What you have to do: Beginning at the line that holds "Paisley Print Shirred", repeat every line through the last line of the material, exactly, and drop any pictures.

Provided data below:

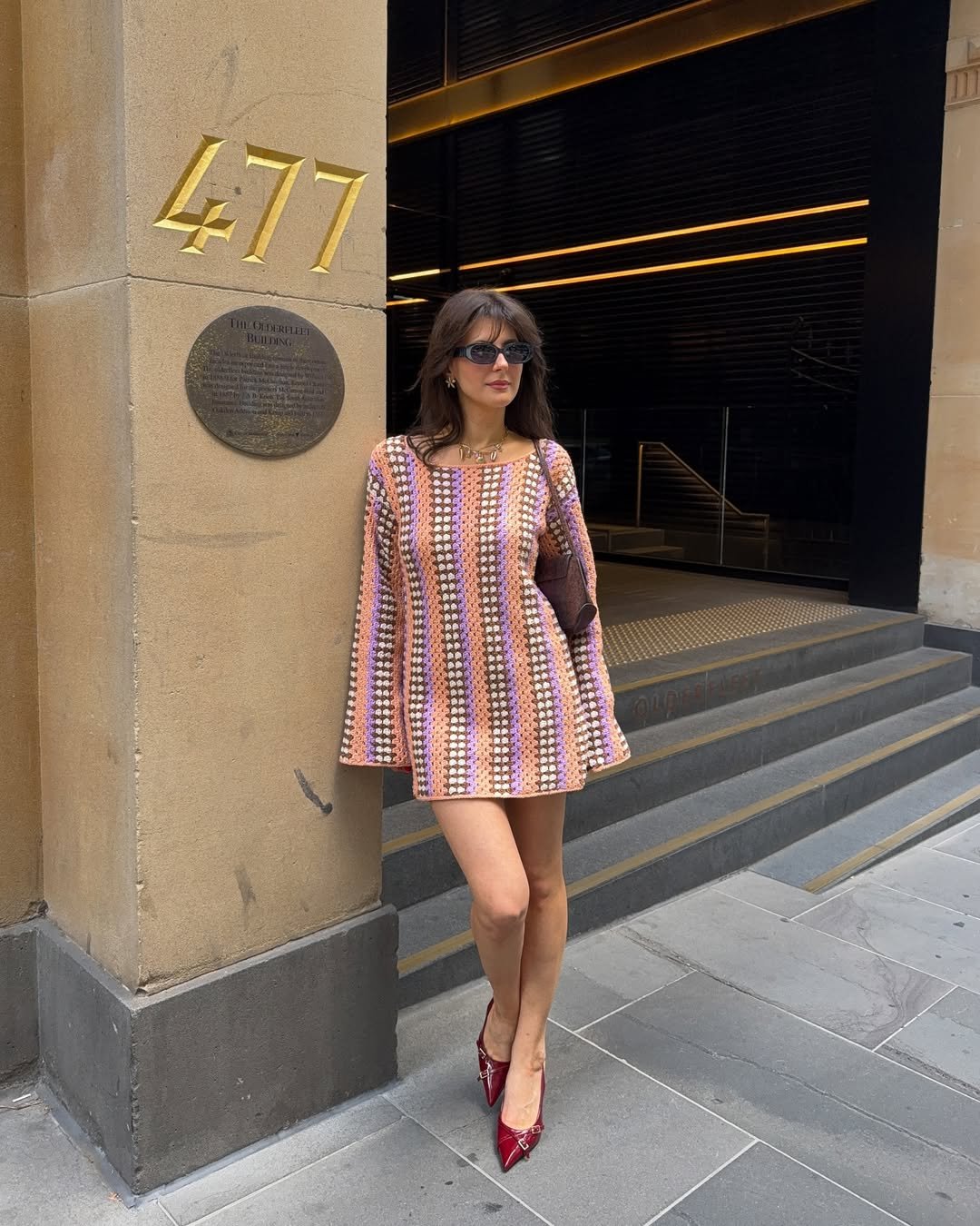 This crochet mini feels like a playful nod to vintage style. The striped pattern in warm tones gives it a nostalgic charm, while the slightly flared sleeves keep the silhouette fun and relaxed.
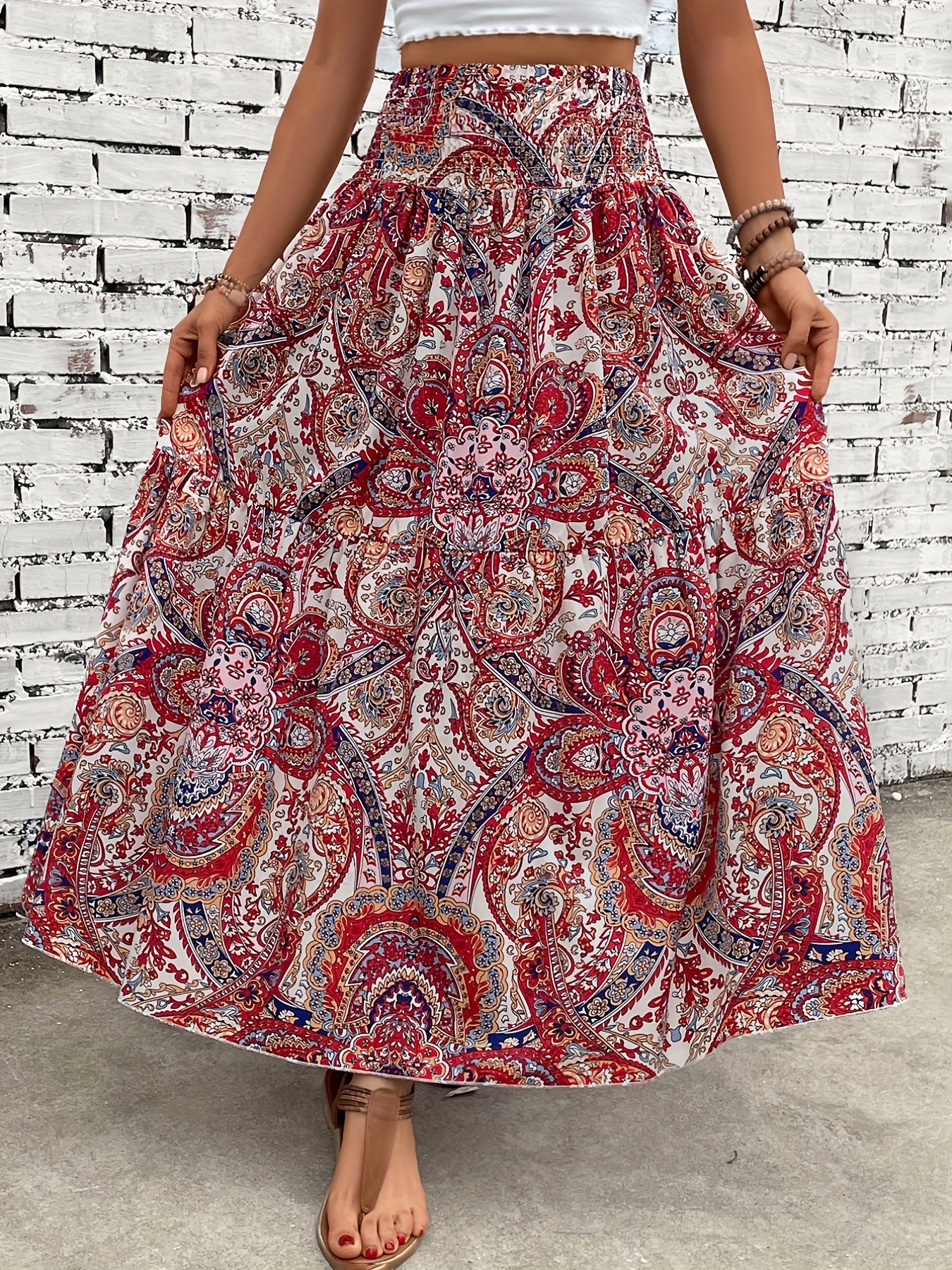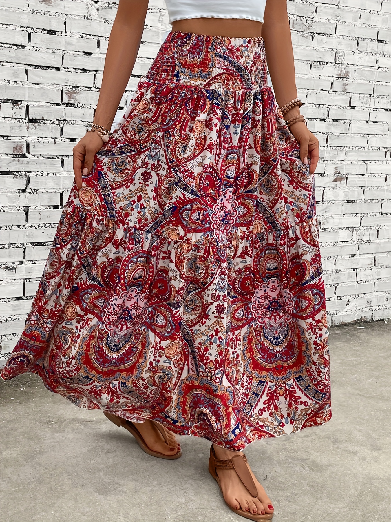 Paisley Print Shirred Waist Skirt, Casual Beach Wear Skirt For Spring & Summer, Women's Clothing
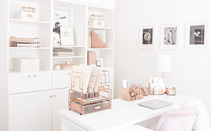 - MODERN, SPACE SAVING DESIGN: Organization does not have to be difficult. Made of metal finished in rose gold and featuring a unique mesh design, this Vertical and Horizontal File and supplies organizer with drawer and letter sorter keeps things organized and saves space.

End of Provided data.

Answer section:
 Paisley Print Shirred Waist Skirt, Casual Beach Wear Skirt For Spring & Summer, Women's Clothing
 - MODERN, SPACE SAVING DESIGN: Organization does not have to be difficult. Made of metal finished in rose gold and featuring a unique mesh design, this Vertical and Horizontal File and supplies organizer with drawer and letter sorter keeps things organized and saves space.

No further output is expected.